I try something else: There is a result that says every function $f:\mathbb{R^n}\rightarrow \mathbb{R^n}$ such that $f \in C^1$, then $f$ is differentiable. I thought to calculate the partial differentials of $f$ in each variable $x_{i} \in \mathbb{R}$ and proof that derivative is continuous in each $x_i$. But I don't know how to calculate these derivatives because they are matrices. Could someone help me, please?

Answer 1

Let $X,H\in\mathbb{R}^{n^2}$, then

\begin{align} f'(X)[H]&=\frac{\partial}{\partial t}\left\{f(X+tH) \right\}_{t=0}\\ &=\frac{\partial}{\partial t}\left\{(X+tH)^{6}\right\}_{t=0}\\ &=6X^{5}H \end{align} Now, \begin{equation} f(X+H)-f(X)=f'(X)[H]+r(H)\Rightarrow r(H)=(X+H)^{6}-X^6-6X^{5}H \end{equation}

We have to \begin{align} 0\leq\frac{\Vert r(H)\Vert}{\Vert H\Vert}=\frac{\Vert 15X^{4}H^{2}+20X^{3}H^{3}+15X^{2}H^{4}+6XH^{5}+H^6\Vert}{\Vert H\Vert}\leq\frac{\Vert 15X^{4}H+20X^{3}H^{2}+15X^{2}H^{3}+6XH^{4}+H^{5}\Vert\Vert H\Vert}{\Vert H\Vert}\quad\text{(See note)} \end{align} Therefore \begin{equation} \lim_{H\to 0}\frac{r(H)}{\Vert H\Vert}=0 \end{equation}

This shows that $f$ is differentiable at $X\in\mathbb{R}^{n^2}$.

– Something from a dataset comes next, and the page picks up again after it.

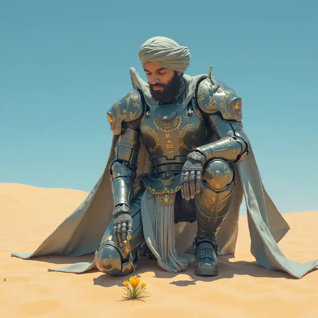 В бесплодном пространстве пустыни, под обширным голубым навесом дневного света, на коленях сикский король, окутанный сложной симфонией культурного и будущего искусства. Его величественный тюрбан увенчался его головой, и он идеально вписывается в силуэта японского экзоскелета. Этот костюм, похожий на Гундма, чудо нео-футуристической технологии, украшен золотой гравировкой из панджаби, которая шепчет о магических силах, отражающих мистический резонанс. За ним разворачивается длинная, тяжелая мантия, которая мягко дует сухим ветром, когда он спускается, чтобы нежно сорвать одинокий цветок, растущий в песке. Лицо этого царского воина скрыто под хитроумным металлическим покрытием, загадочным лицом, который смотрит на вечной пустыне. Каждая панель его углеродной брони является свидетельством точности, тщательно выгравировано наследием как воинов, так и поэтов. Это сочетание временно сцепляющихся эпох, романтизирующее сопоставление современной истории и передовых технологий, раскрывающих мельчайшие детали, которые призывают к более пристальному осмотру. Вдохновленная визуальным повествованием легенд, от футуризма Акиры до эпических видок "Звездных войн", сцена запечатлела момент спокойного самоанализа среди бесконечных песков. Это произведение искусства ориентируется на видные стили таких мастеров, как Акира Куросава и Норман Роквелл, взаимодействуя с мощным воображением Сида Мида, Бориса Валье, Жана Жиро Мобиуса, Джона Берки, Евгения Делак и Рембрандт Ван Райн. Это картина, знакомая и чужая, где каждый элемент служит усилению спокойного, но вызывающего благоговение повествования.
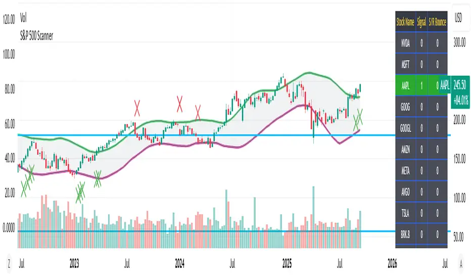 Catch early bullish & bearish signals in S&P 500 stocks. Real-time TradingView scanner for scalping, day trading & swing trading with non-lagging alerts.

Note: Let $T\in L(\mathbb{R}^{n},\mathbb{R}^{m})$ and $K=\{x\in \mathbb{R}^{n}:\Vert x\Vert_{n}=1\}$, then $\Vert T(x)\Vert_{n}\leq \Vert T\Vert \Vert x\Vert_{n}$, with that you can verify that the norm operator is submultiplicative.